Mama jokes
Yo mama is so fat, she couldn't even fit through the rabbit hole at first because she ate like a damn pig last night when we had dinner.
Yo mama is so poor, she makes her own hand sanitizer.
Yo mama so old, she got nostalgia for the Big Bang!
Yo mama is so stupid it takes her an hour to cook minute rice.
Yo mama's so dumb, her dad said, "You're driving me crazy," and she said, "I didn't know crazy was a place!"
Your mama is so ugly that when she stood on the scale, it said "to be continued."
Yo mama so dumb, she failed the survey.
Yo mama so stupid that she thought Subway was a place where you buy subways.
Yo mama so poor, when I rang her doorbell, she said, "Ding!"
Your mama is so far that when she told a joke, no one was laughing, but the floor was literally cracking up.
Yo mama is so old that she was born on the first day the universe existed.
"Yo mama so bad we gotta switch to yo papa."
Yo mama is so ugly, even the ugliest person in the world looked like a sword standing next to her.
Yo mama so fat, she's bigger than the universe itself!
Yo mama is so ugly that even Donald Trump couldn't be inside her dreams.
"Yo mama so fat, she thought Saturn was deez nuts."

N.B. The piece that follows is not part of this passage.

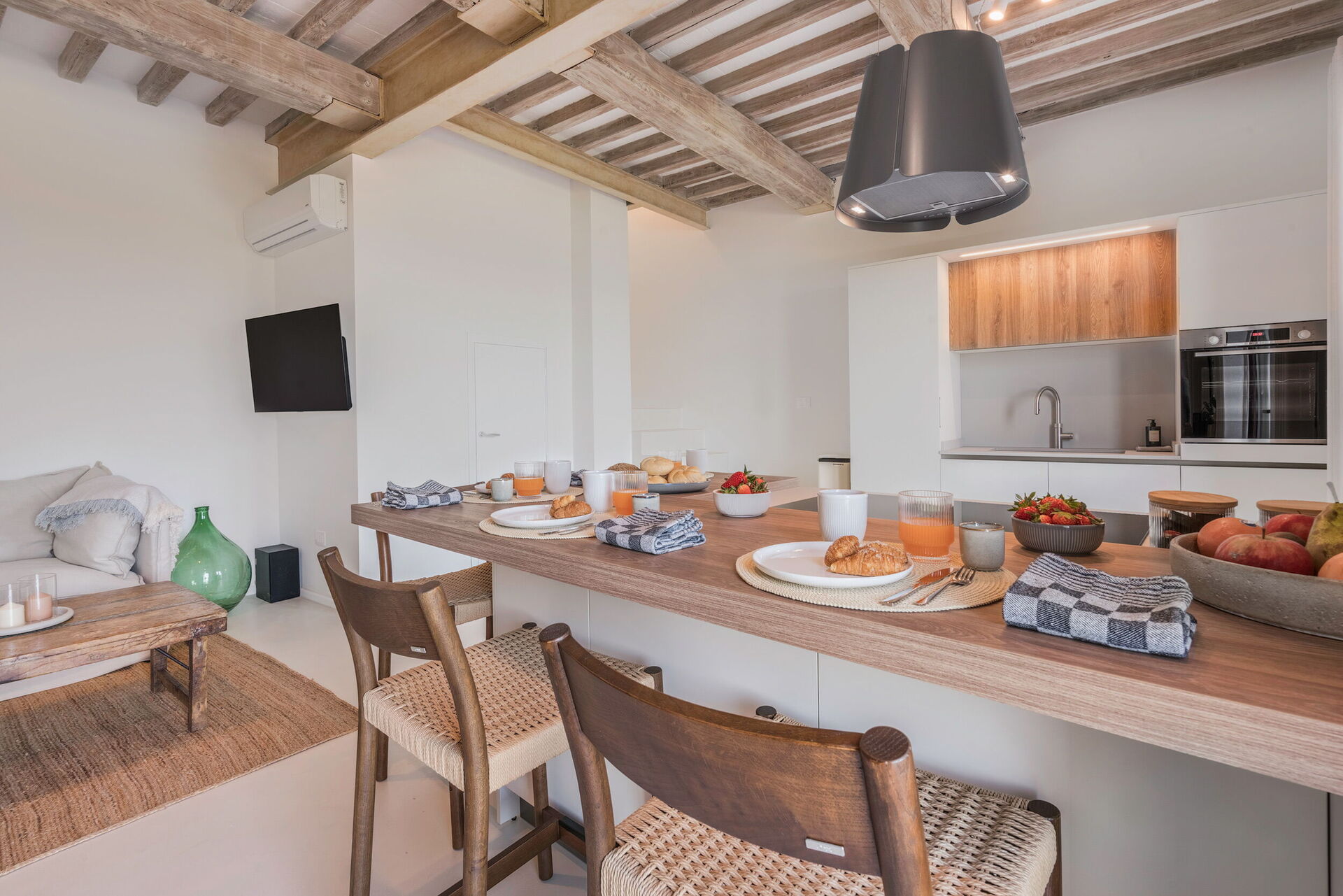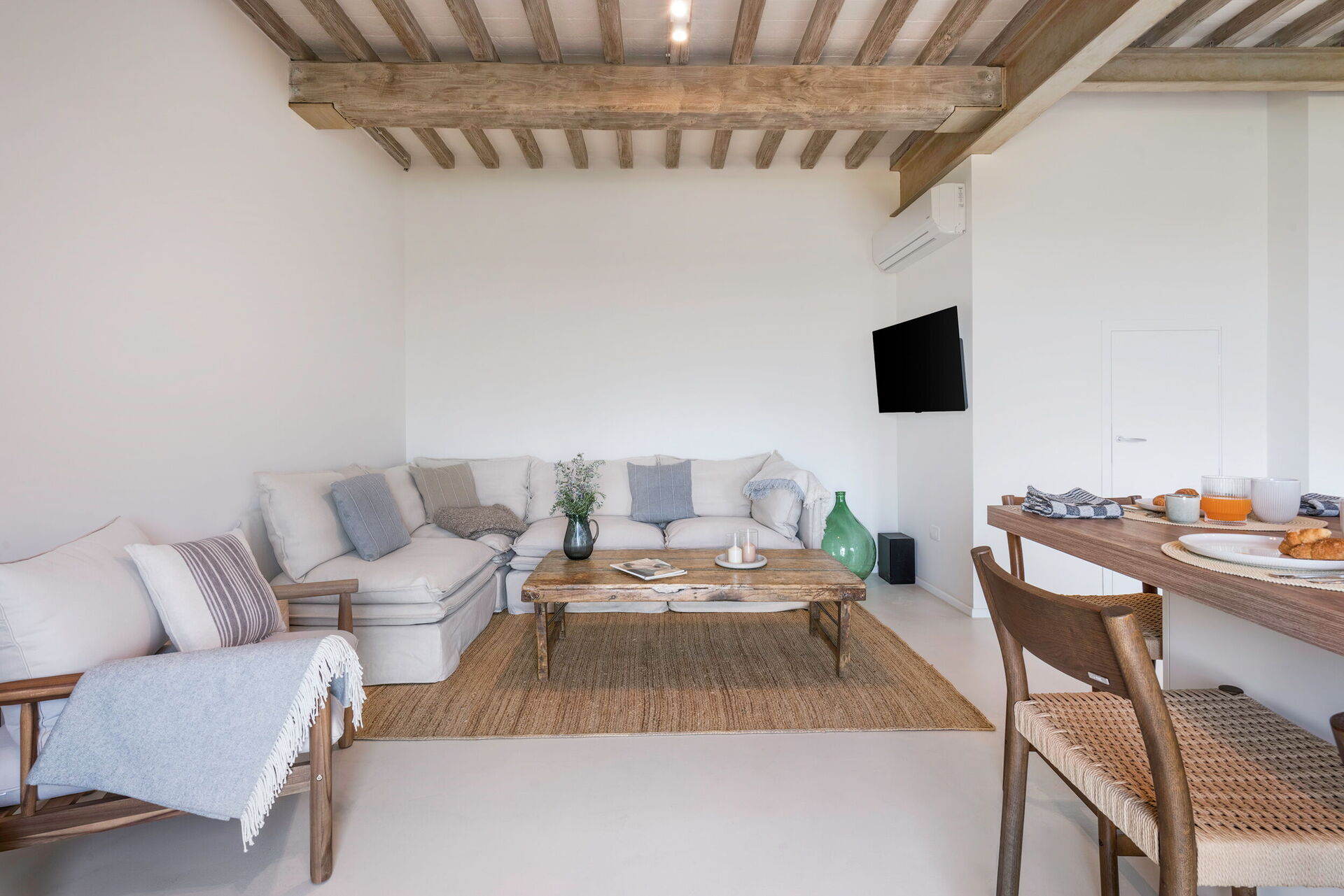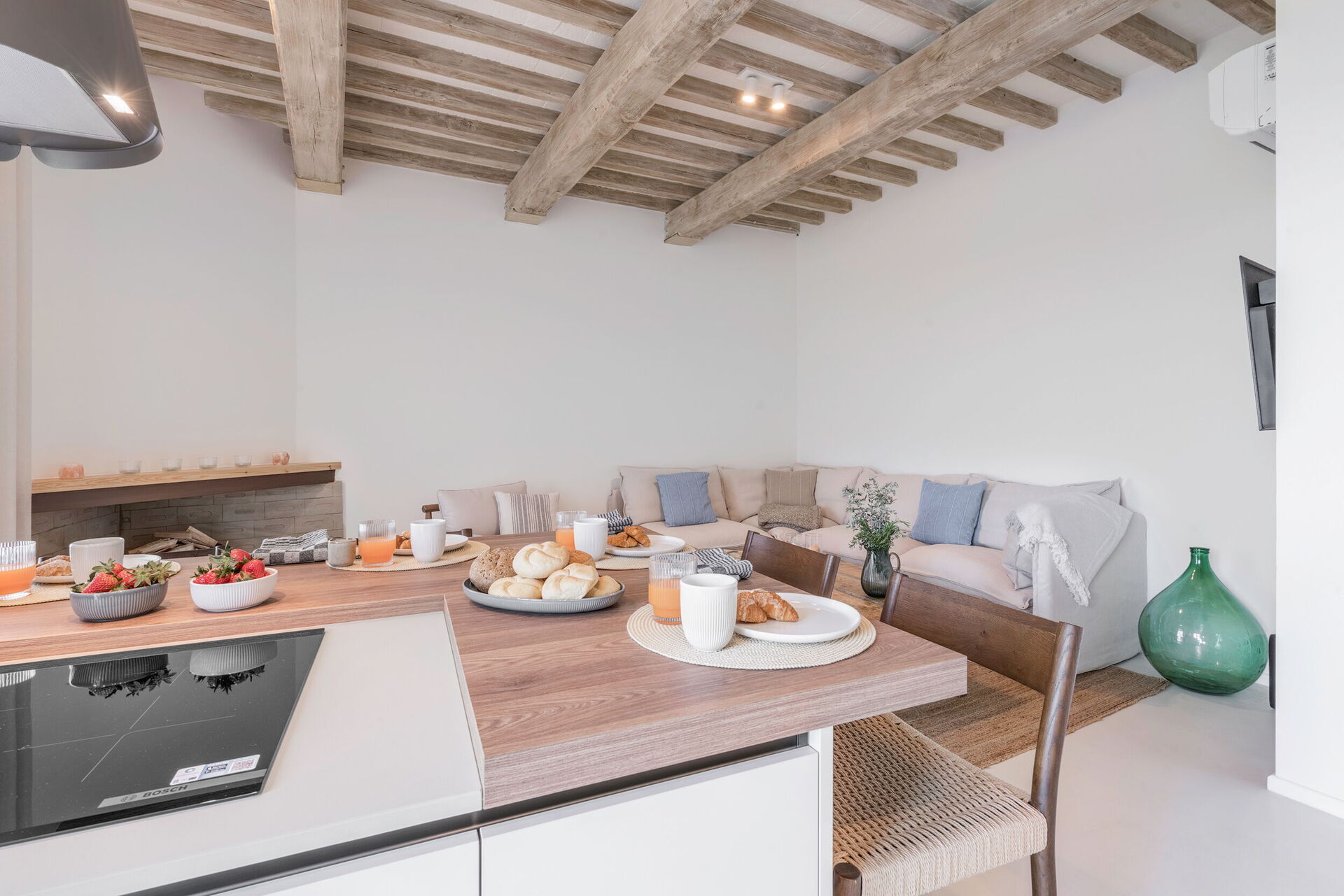 Cucina - soggiorno: cucina ben attrezzata, tavolo da pranzo, lavastoviglie, frigo, freezer, microonde, piano cottura, forno, macchina da caffè (italiana), internet WIFI, aria condizionata, televisione, uscita sul giardino.

There are 10 million million million million million million million million particles in da universe that we can observe.
Yo mama took the ugly ones and put them into one nerd.
Fall coming π grab you a hoodie & sum1's thick thigh baby mama to keep you warm ππ
Yo mama so vegetarian that she loves the Vegan Teacher!
Yo mama so stupid, you could not even be born because of her idioticness.